2024.7.1 New Features

Dashboards, Visualizations, and Analytics

Data Management Layer

Incorta Copilot

Architecture and Application Layer


Feature Details

Dashboards, Visualizations, and Analytics

Dynamic Pivot Table analysis

In this release, pivot tables have added two powerful enhancements:

  • The ability to define a dynamic group by logic (previously only available in aggregated tables)
  • The ability to define dynamic columns

As a result, users can interactively select and de-select rows and columns to display in their pivot table. As a bonus, these two new features also allow users to set a default view.

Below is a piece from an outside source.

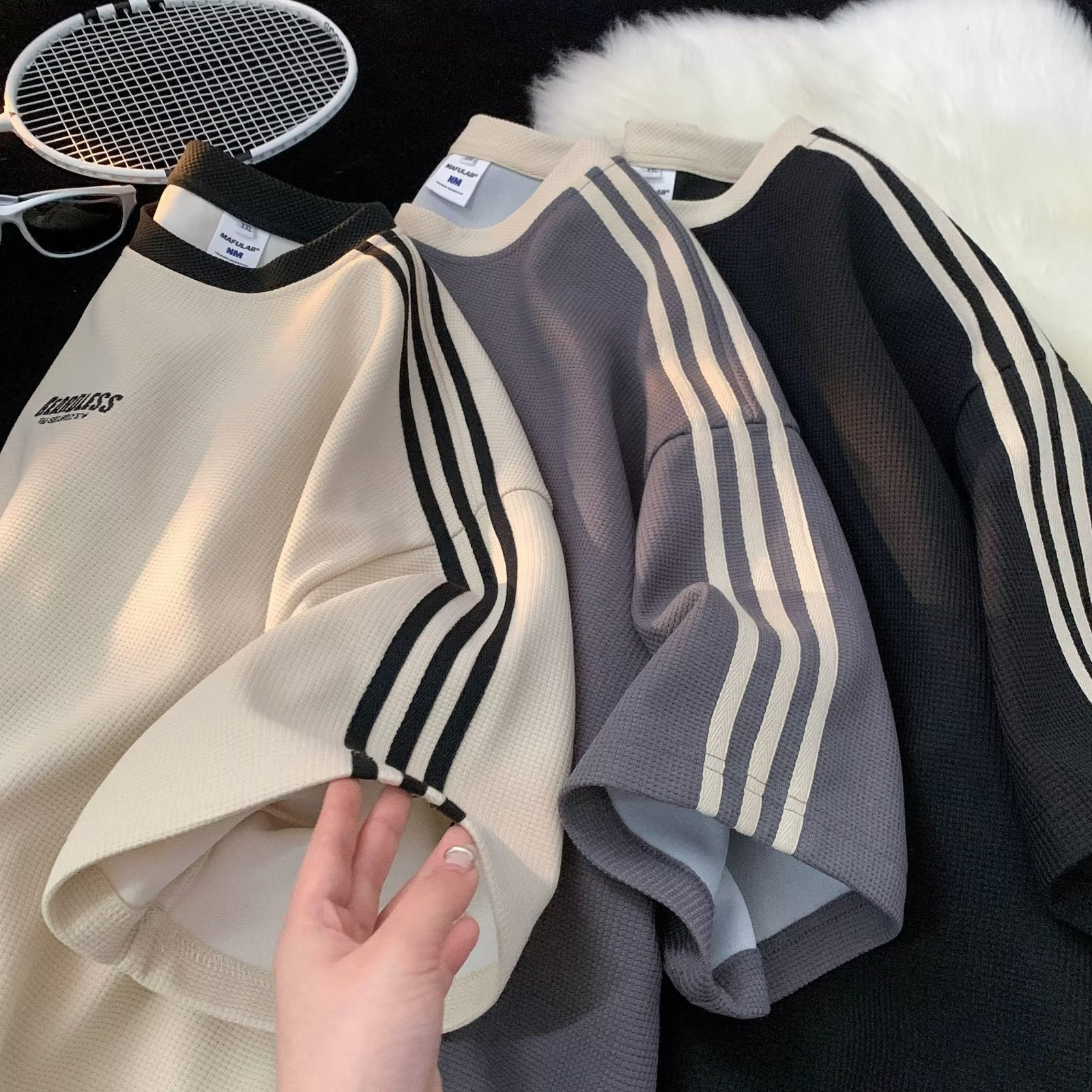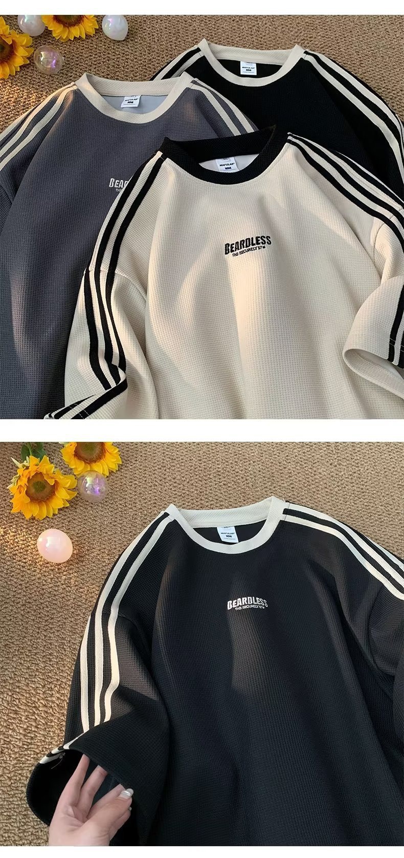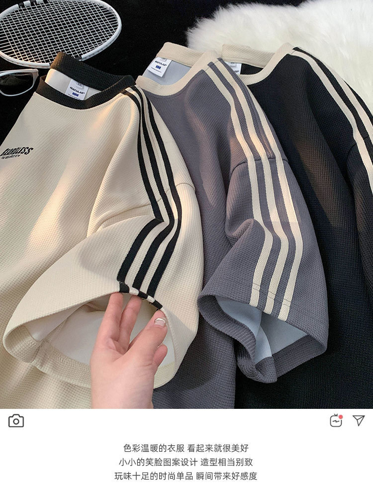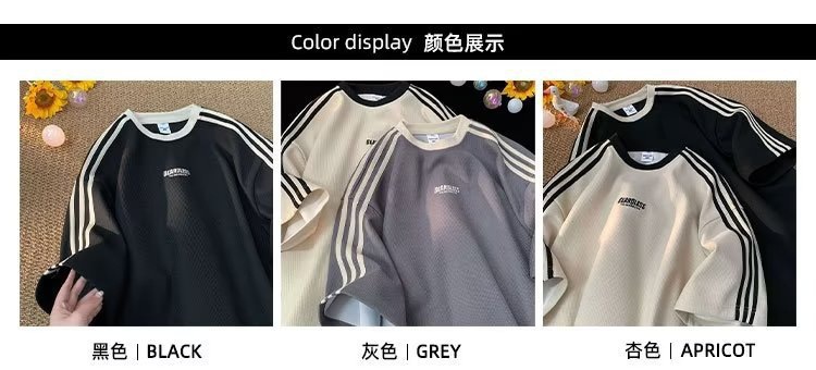 와플 티셔츠 남성 여름 2023 새로운 미국 패션 브랜드 반팔 티셔츠 느슨한 캐주얼 커플 하프 슬리브 탑

Dashboard presentation enhancements

In this release, Incorta has improved slideshow experiences to present dashboards within the platform and an easy option to download dashboards to PowerPoint.

Previously, dashboards could only be presented once added to favorites. Now in the top right corner of any open dashboard is a presentation icon. Once opened, the users can pan through tabs, set the time interval of tab changes, and even quickly move to a tab through a dropdown selection.

To export tabs to a PowerPoint presentation, from any open dashboard, select More Options (⋮) on any tab > Download as. Select the format, then choose which tabs should be downloaded.

Note

For tabs to be eligible to export to PowerPoint, the dashboard page dimensions should set at the PowerPoint resolution in the freeform layout options.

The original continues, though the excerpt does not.